Yes, more like 40 years, as documented by Michael Moore in his 1989 "Roger and Me." There are also several documentaries about the more recent lead in water crisis in the city, and "Flint Town" (2018) features filmmakers embedded with the police force in the city. Since the population of the city has been declining since my childhood in some parts of the city there has been no new building or renovation since that era, so there are abandoned shopping centers with facades from the 1970s, and it's kind of like a glimpse of an alternate apocalyptic past. The route I outlined above was roughly the edge of the area being developed just before the crash.

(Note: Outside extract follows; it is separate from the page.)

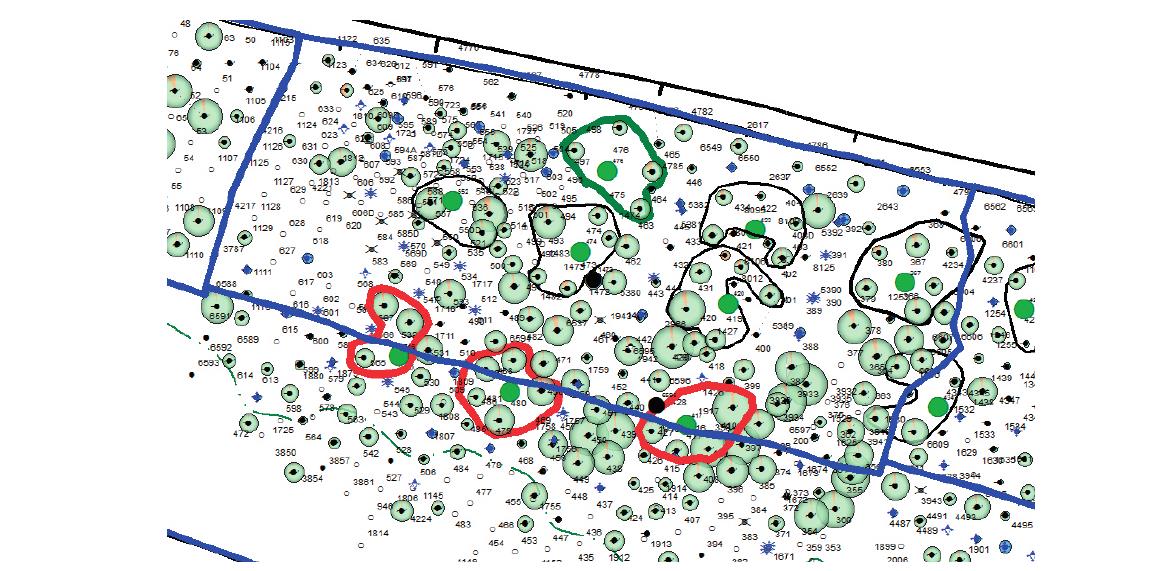 Фактором, оказывающим не менее заметное влияние на эффективность ВПП на 2-м объекте разработки, является удаленность обрабатываемой скважины от законтурного ряда нагнетания воды в пласт. Чем она меньше, тем ниже эффективность ВПП. В качестве примера на рис. 9 представлена карта центрального участка данного объекта, на которой красными конурами отмечены участки воздействия нагнетательных скв. № 417, 481 и 546 с наименьшей «относительной» эффективностью ВПП, а зеленым контуром отмечен участок воздействия нагнетательной скв. № 476 с наибольшей «относительной» эффективностью. Относительной эффективностью названо частное от деления дополнительной добычи нефти участка к общей его добыче после проведения ВПП.

The good news is that the river is actually quite clean, there is a small thriving hipster community, a world-class farmer's market, a resilient arts history/facilities, a brand new public library, an amazingly well-stocked and staffed maker-space, full breakfast for $3.99 at several diners, a free public beach, a decent public transportation system, a large new state park being developed very close to the center of the city, a highly motivated workforce, and the location is extremely good for climate change. If I was younger and healthier I would be gung-ho about investing in revival, because pretty much gateway to the north for the hordes of the future escaping intolerable wet bulb temperature situations. You can currently buy a whole block of houses for the median single house price in the U.S. I was too chicken to spend the night by myself in the project I was working on before it was structurally sound/sealed, because somebody kept breaking in and stealing the copper and other stuff, but I totally would have done it with a couple other people.